§ TASK DETAILS
Please return the listing below word for word, minus its pictures.

DATA BLOCK Start Marker

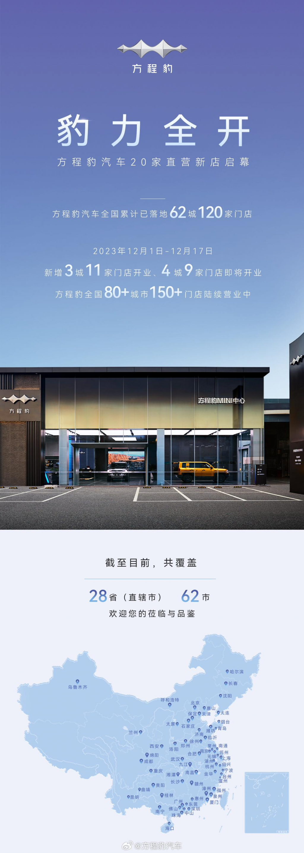 比亚迪方程豹宣布 12 月 1 日-17 日新增 7 城 20 家直营新店,全国累计已落地 62 城 120 家门店。
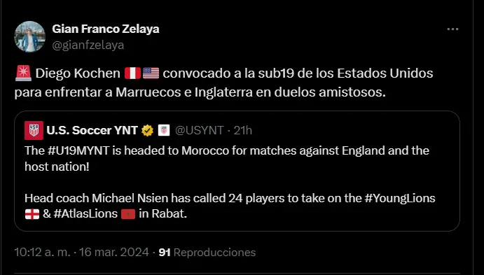 “Diego Kochen convocado a la sub19 de los Estados Unidos para enfrentar a Marruecos e Inglaterra en duelos amistosos”; fue la más información compartida por el reconocido comunicador deportivo Gian Franco Zelaya a través de su cuenta de twitter en señal de que el talentoso arquero de 17 años viene siendo muy seguido por la selección norteamericana y que poco a poco podría ir decantándose por representar dichos colores.
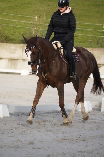 Scarlet, née en 2018, est une jument belge Warmblood d'environ 1,70 m, sosa Untochable, Heartbreaker, Up Chiqui, Heartbreaker. *Scarlet* est une jument extrêmement honnête, dotée d’une qualité exceptionnelle. Que ce soit pour le sport ou la promenade, elle procure un plaisir sans limite. Elle inspire confiance et sécurité. Scarlet peut également être utilisée comme cheval d’apprentissage pour le saut d’obstacles, où elle reste tout aussi sincère et facile à monter. Elle saute avec beaucoup de clairvoyance et de qualité, en essayant toujours de faire de son mieux. C’est pourquoi elle convient aussi parfaitement aux jeunes cavaliers ou aux cavaliers en transition de poney. Très calme et peu impressionnable, elle ne montre aucune nervosité face à de nouveaux environnements. En extérieur, seule ou en groupe, elle est très détendue et obéissante. Elle rassure également les cavaliers plus novices. En main, elle est câline et très bien éduquée. Un cheval de rêve. Écurie Dederichs – Votre partenaire pour l’achat de chevaux Contact & disponibilité : Les demandes doivent être faites exclusivement par téléphone au 0173/9792139. Lundi – Vendredi : 09h00 – 18h00 Samedi : 09h00 – 15h00 Dimanche : jour de repos Suivez-nous sur les réseaux sociaux ! Vivez notre quotidien avec nos chevaux à vendre sur Instagram, TikTok & Facebook via Écurie Dederichs. Remise : Pour toute acquisition immédiate de votre nouveau cheval de rêve, bénéficiez d’une remise de 5 % à 10 %. Essai et présentation : • Essai : 30 € par cheval (max. 2 cavaliers), le montant sera déduit en cas d’achat. • Jours fériés : essai à 50 €. • Présentation par nos entraîneurs : 25 € par cheval (montée en main, travail à pied, etc.). Examen préalable et transport : • Beaucoup de nos chevaux disposent déjà d’un examen vétérinaire préalable (AKU). • Vous pouvez bien sûr faire venir votre propre vétérinaire. • Nous organisons volontiers un examen. • Nous vous aidons également à organiser le transport vers votre nouveau domicile. Autres chevaux à vendre : D’autres chevaux sont disponibles dans notre élevage, mais ne sont pas encore en ligne. Si votre cheval de rêve n’est pas encore listé, n’hésitez pas à nous contacter. Informations importantes : • Les tailles approximatives sont estimées et non mesurées précisément. • Toutes les descriptions sont des appréciations subjectives du vendeur et ne constituent pas des garanties. Pour plus d’informations, veuillez consulter : www.Pferdehandlung-Dederichs.de

DATA BLOCK End Marker

§ WRITTEN REPLY
 比亚迪方程豹宣布 12 月 1 日-17 日新增 7 城 20 家直营新店,全国累计已落地 62 城 120 家门店。
 “Diego Kochen convocado a la sub19 de los Estados Unidos para enfrentar a Marruecos e Inglaterra en duelos amistosos”; fue la más información compartida por el reconocido comunicador deportivo Gian Franco Zelaya a través de su cuenta de twitter en señal de que el talentoso arquero de 17 años viene siendo muy seguido por la selección norteamericana y que poco a poco podría ir decantándose por representar dichos colores.
 Scarlet, née en 2018, est une jument belge Warmblood d'environ 1,70 m, sosa Untochable, Heartbreaker, Up Chiqui, Heartbreaker. *Scarlet* est une jument extrêmement honnête, dotée d’une qualité exceptionnelle. Que ce soit pour le sport ou la promenade, elle procure un plaisir sans limite. Elle inspire confiance et sécurité. Scarlet peut également être utilisée comme cheval d’apprentissage pour le saut d’obstacles, où elle reste tout aussi sincère et facile à monter. Elle saute avec beaucoup de clairvoyance et de qualité, en essayant toujours de faire de son mieux. C’est pourquoi elle convient aussi parfaitement aux jeunes cavaliers ou aux cavaliers en transition de poney. Très calme et peu impressionnable, elle ne montre aucune nervosité face à de nouveaux environnements. En extérieur, seule ou en groupe, elle est très détendue et obéissante. Elle rassure également les cavaliers plus novices. En main, elle est câline et très bien éduquée. Un cheval de rêve. Écurie Dederichs – Votre partenaire pour l’achat de chevaux Contact & disponibilité : Les demandes doivent être faites exclusivement par téléphone au 0173/9792139. Lundi – Vendredi : 09h00 – 18h00 Samedi : 09h00 – 15h00 Dimanche : jour de repos Suivez-nous sur les réseaux sociaux ! Vivez notre quotidien avec nos chevaux à vendre sur Instagram, TikTok & Facebook via Écurie Dederichs. Remise : Pour toute acquisition immédiate de votre nouveau cheval de rêve, bénéficiez d’une remise de 5 % à 10 %. Essai et présentation : • Essai : 30 € par cheval (max. 2 cavaliers), le montant sera déduit en cas d’achat. • Jours fériés : essai à 50 €. • Présentation par nos entraîneurs : 25 € par cheval (montée en main, travail à pied, etc.). Examen préalable et transport : • Beaucoup de nos chevaux disposent déjà d’un examen vétérinaire préalable (AKU). • Vous pouvez bien sûr faire venir votre propre vétérinaire. • Nous organisons volontiers un examen. • Nous vous aidons également à organiser le transport vers votre nouveau domicile. Autres chevaux à vendre : D’autres chevaux sont disponibles dans notre élevage, mais ne sont pas encore en ligne. Si votre cheval de rêve n’est pas encore listé, n’hésitez pas à nous contacter. Informations importantes : • Les tailles approximatives sont estimées et non mesurées précisément. • Toutes les descriptions sont des appréciations subjectives du vendeur et ne constituent pas des garanties. Pour plus d’informations, veuillez consulter : www.Pferdehandlung-Dederichs.de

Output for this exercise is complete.